Обычно художник заставал Кривоноса стоящим возле портрета. Он, как зачарованный, всматривался в полотно! Порой казак даже не слышал, когда в комнату входил художник, который с первой же встречи стал для него близким, задушевным другом. Каких только усилий он не прилагал, чтобы разузнать для Кривоноса, удалось ли спастись его друзьям тогда, летом. Вот прошла уже зима, и яркое весеннее солнце манило казака на волю…
— Все-таки не терпится. Я же просил пока не смотреть. Еще не понравится, ведь там столько недоделок, случайных мазков, — с упреком говорил Рембрандт Кривоносу, выводя его из тяжелой задумчивости.
— Виноват, мой добрый пан Харменс. Виноват, по и не в силах сдержаться. Многим ли из нас, простых людей, выпадает такое счастье, чтобы при жизни увидеть себя на картине. Это же не отражение в миске с водой моего уродливого хлопского лица, — сказал Максим, показывая на свой нос.
— А мы, художники, не видим телесных изъянов за благородством человеческой души, — ответил воодушевленно Рембрандт.
— Вот и говорю, что верно посоветовал мне пан художник повернуть голову в сторону, чтобы на портрете не так резко бросалась в глаза болячка на носу, да и злость нашего брата на весь этот… панский мир!
— И снова прошу пана Максима успокоиться. Портрет ведь еще не закончен. Вот так прошу и сидеть… Да голову, голову повыше, казак мой!
Во время работы Рембрандт иногда произносил отдельные слова, думая вслух. Кривонос знал, что отвечать на них не следует. Потому что этим только помешаешь художнику, увлеченному работой. Он отвлечется, начнет расспрашивать и рисовать уже больше не будет. С ним не раз случалось подобное. Рембрандт рисовал Мадонну во дворце герцога. Однажды он пригласил Кривоноса посмотреть его работу. Мадонна казалась ему простой и искренней, как крестьянская девушка, и словно просила его подружиться с ней.
— На такую не грех и молиться!.. — восхищенно воскликнул Максим.
Но Рембрандт вдруг как-то испуганно вздрогнул, посмотрел на друга и бросил кисть…
Человеческое обаяние в образе богоматери, так восхитившее Кривоноса, не нравилось заказчикам картины. И, выразив свой восторг. Кривонос невольно напомнил художнику об этом.
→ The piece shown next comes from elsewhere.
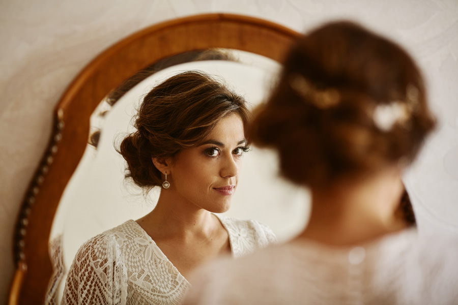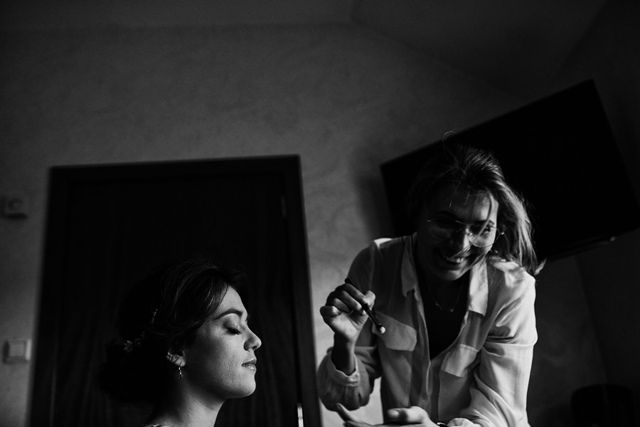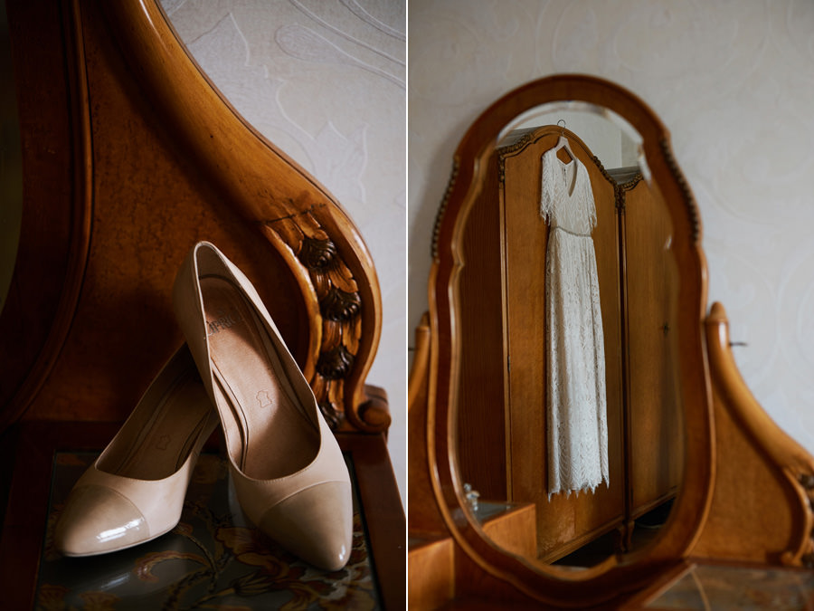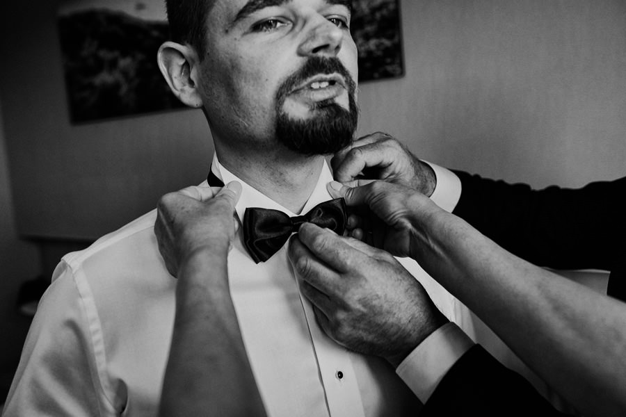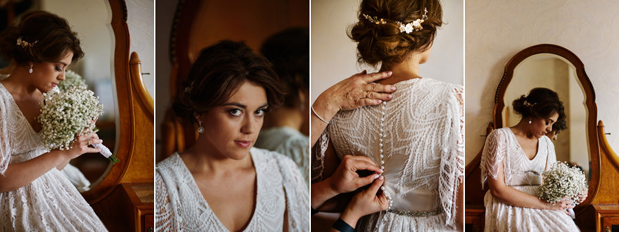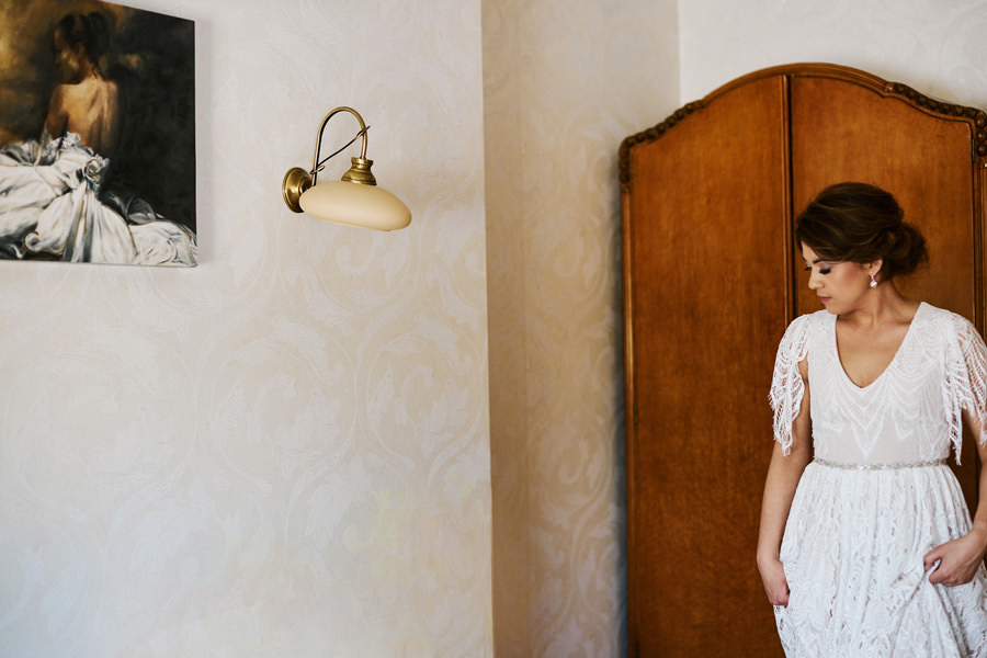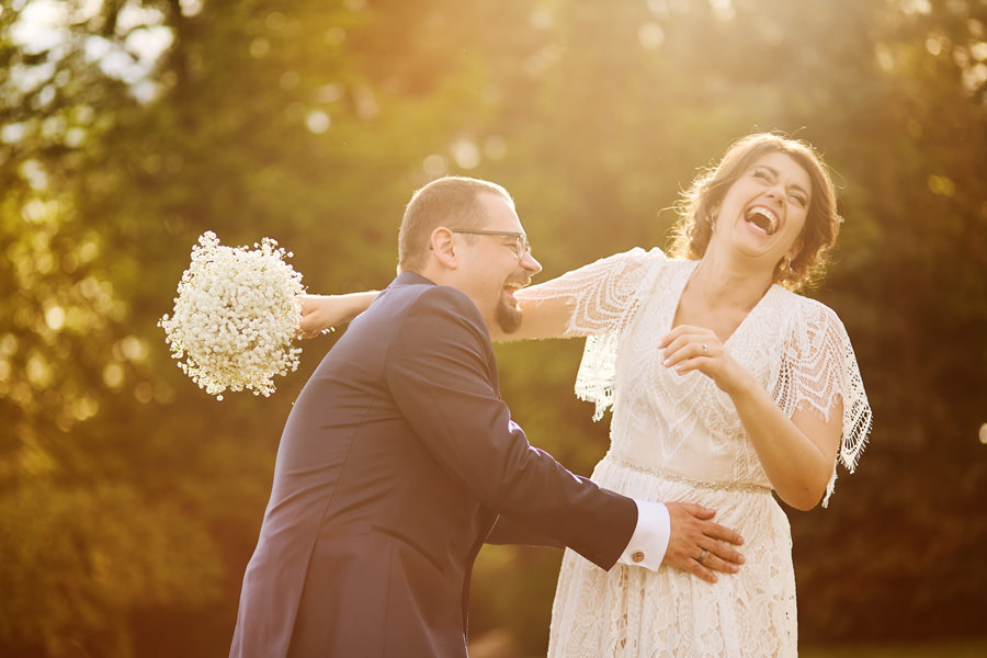 Ale zanim impreza, to najpierw trzeba się nieco ogarnąć. Założyć niesamowitą boho suknię, zamienić koszulkę z Hitchcockiem na garnitur – trochę szkoda, ale żaden konwenans by tego nie dźwignął. A potem first look i moje ukochane zdjęcie, kiedy on widzi i jej plecy i rząd guziczków, i wydaje z siebie przeciągły jęk, a ona pęka ze śmiechu ;). Bo wiecie, kto te guziki będzie rozpinał, nie? Wiadomo – nerwica na tle seksualnym murowana ;).

Поэтому Максим дал себе зарок — никогда не разговаривать с Рембрандтом во время его работы!..
— Ну вот… Теперь прошу, мой гидальго, пан Максим. Можно смотреть, даже критиковать. Сейчас и я погляжу на этот портрет, как на чужое полотно. Пусть стоит здесь возле окна. Мне еще не один раз придется приходить смотреть на него, покуда не привыкну, как к чему-то близкому, родному.
И они стали рядом, — стройный казак в поношенной шапке и потертом кунтуше и болезненно худой, утомленный художник. В правой руке он держал несколько кистей, а в левой палитру с растертой краской. И чем больше всматривался Максим в свой портрет, тем большей радостью наполнялось его сердце. «Тот» с портрета пристально всматривается в Максима, а сам Максим видел родное Подолье, опустевший отчий дом, свое село.
— Все вымерло; всматриваешься, словно в пустоту, в собственную душу… — прошептал, забыв о том, что он здесь не один.
— Слышу, на своем родном языке заговорил, — обрадовался Рембрандт. — Значит, художнику удалось разгадать душу натуры! Этого я и хотел добиться, мой дорогой Максим… Но еще повременим с окончательными выводами.
— И долго?
— А куда спешить? Чтобы быть вечным, искусство должно всегда казаться не разгаданным до конца.
— Так это навеки? — с каким-то страхом спросил Кривонос, встревоженно посмотрев на художника.
Рембрандта тоже взволновал этот вопрос, на который трудно было дать ответ, так же как и разгадать идею, которую вкладывал он в только что оконченный портрет, навеки запечатлевший образ Кривоноса. Рембрандт взял кисти в левую руку, а правую положил на плечо опечаленного друга.